Manitoba plans to send as many as 300 spinal-surgery patients to Fargo
Patients who've waited a year or more for surgery will be selected as part of effort to reduce surgery backlog
Manitoba will send as many as 300 patients awaiting spinal surgery to Fargo, N.D., to get their operations — and may send joint-surgery patients south as well.
The province is finalizing a deal with Sanford Health, a non-profit health-care system based in the Dakotas, to conduct surgeries on spinal patients who have already waited more than a year, enduring chronic pain and deteriorating mobility in the process.
"We acknowledge the suffering. We acknowledge the waits," said Dr. Ed Buchel, the provincial surgery lead for Manitoba Shared Health, adding there was no option to send patients elsewhere in Canada because every province is struggling to meet the health-care demands of the Omicron surge.
"We [must] do something about it now and acknowledge that we don't have a system that is able to handle that. But that doesn't mean we're ignoring the fact that we have to build."
No one with a broken back, an unstable spine or cancer will be sent to Fargo, Buchel said. Sending urgent cases south would be too upsetting to families, he added.
Buchel said Shared Health has identified 150 to 300 spinal-surgery patients who are healthy enough to travel to Fargo by car, but whose conditions are too serious to put off further.
"They're not super-easy cases that we can do as outpatients. They're not our super-difficult cases or our very acute cases. They're in the middle and that's the group that's waiting the longest," he said.
"These patients were waiting too long before the pandemic, and now this has just extended their wait even further."
The number of patients who actually make the trip will depend on Sanford Health's capacity and COVID safety protocols, Health Minister Audrey Gordon's office said.
Surgery waitlist has grown
Buchel said the waitlist for spinal surgery — just one component of a provincial backlog of more than 150,000 surgeries and other medical procedures — has continued to grow in recent weeks, thanks to the diversion of hospital staff from operating rooms to COVID-19 care.

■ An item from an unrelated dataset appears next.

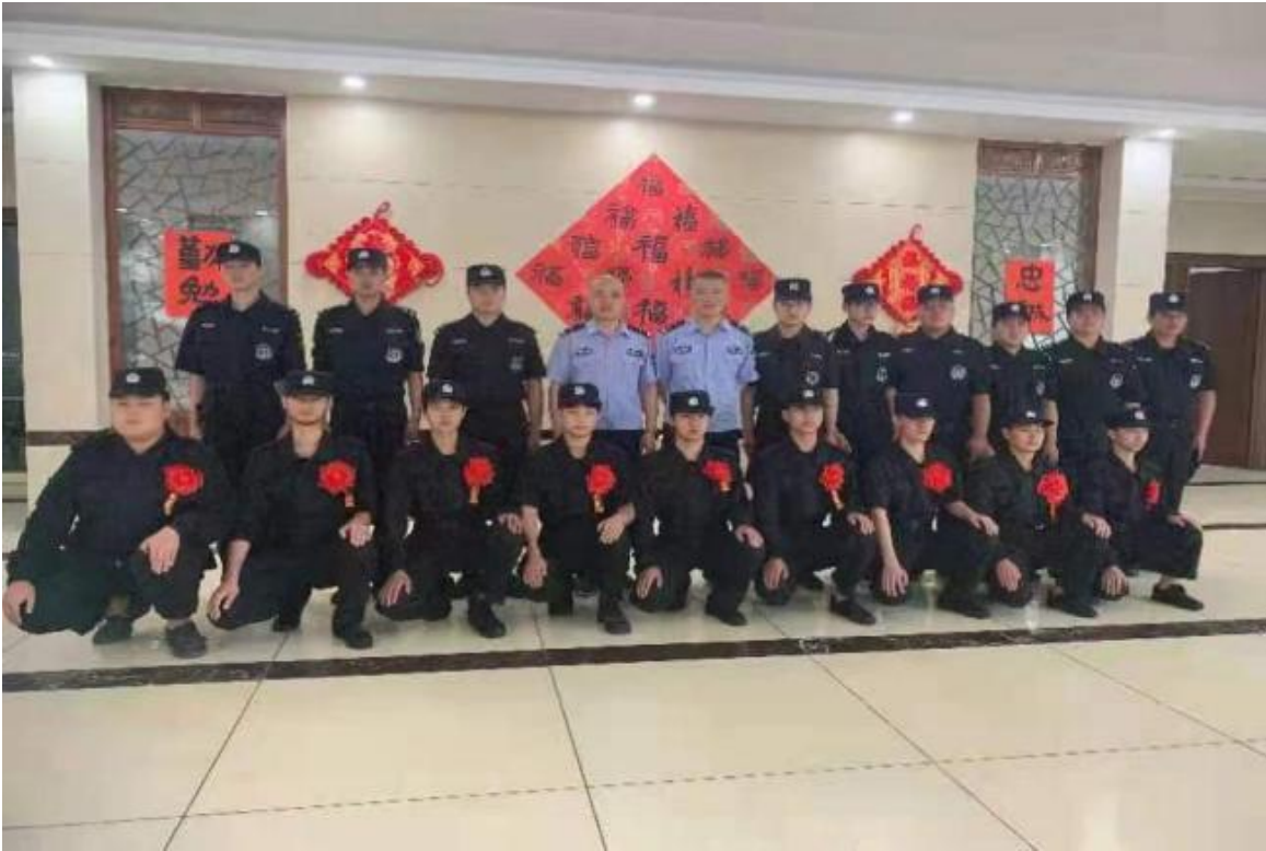
图片 10：我校学生在永康市公安局入职照
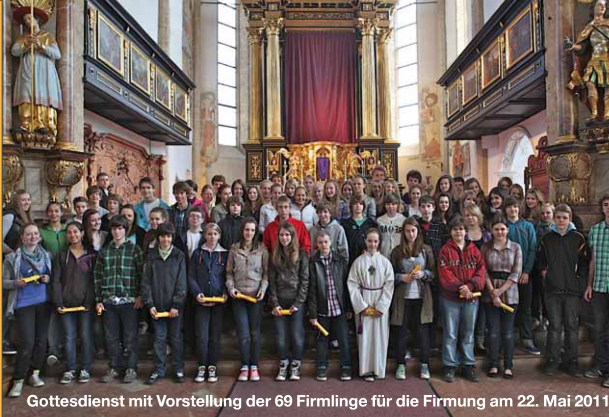
Gottesdienst mit Vorstellung der 69 Firmlinge für die Firmung am 22. Mai 2011

Shared Health is still reducing its surgical capacity because of the Omicron surge, he said, even as a provincial task force works on plans to expand it.
Only patients willing and able to travel to the Sanford Medical Center in Fargo will be selected, Buchel said. Their family members are entitled to the same provincial financial supports they would receive if they travelled for medical procedures within Canada, he said.
The first patients will travel to Fargo next week or the following week. Patients will travel to Fargo for months while Manitoba works on increasing its surgical capacity, Buchel said.
He said he could not estimate how much the surgeries in Fargo will cost the province. Sanford Health charges rates comparable to the cost of the procedures conducted by public health care in Canada, he said.
Three of the doctors who will do the work in Fargo were trained in Canada, including two trained in Winnipeg, he said.
Extending care
Buchel said the province may also send joint-surgery patients south and will make more announcements about backlog-reduction measures in the coming weeks.
"I don't want anybody in the population to think that their surgical leadership or the government is throwing up their hands and saying, 'We can't deliver care, we have no plan and our plan is we're going to ship everybody to the United States.' That's not our plan. That is not a sustainable model of care for our province," he said.
"We need to treat our population in our province [with] our provincial health-care providers. And if we're not providing enough care, we need to extend that care. But that takes time."
Doctors Manitoba, which has pushed the province to address its surgery backlog, said it hopes the transfer of patients to the U.S. is a short-term fix.
"Sending patients out of Manitoba for care is not ideal, but we understand the task force has very few local options right now because of the shortage of staff and the current surge in Omicron hospital admissions," spokesperson Keir Johnson said in a statement.
Johnson noted that for a brief period two decades ago, under an NDP government, Manitoba sent radiation-therapy patients to the U.S.
Dr. Eric Jacobsohn, a Winnipeg ICU physician who has been critical of the way the Progressive Conservative government has managed health care, said "it makes total sense" to send long-suffering spine surgery patients to the U.S. right now.
"Of course, it's not ideal, but we're not in an ideal time. So this is a welcome development and credit where credit is due," Jacobsohn said.
Even so, he noted Manitoba would not be in this position had the province not "stripped the system bare" to the point where patients had to wait months and years for spinal surgery.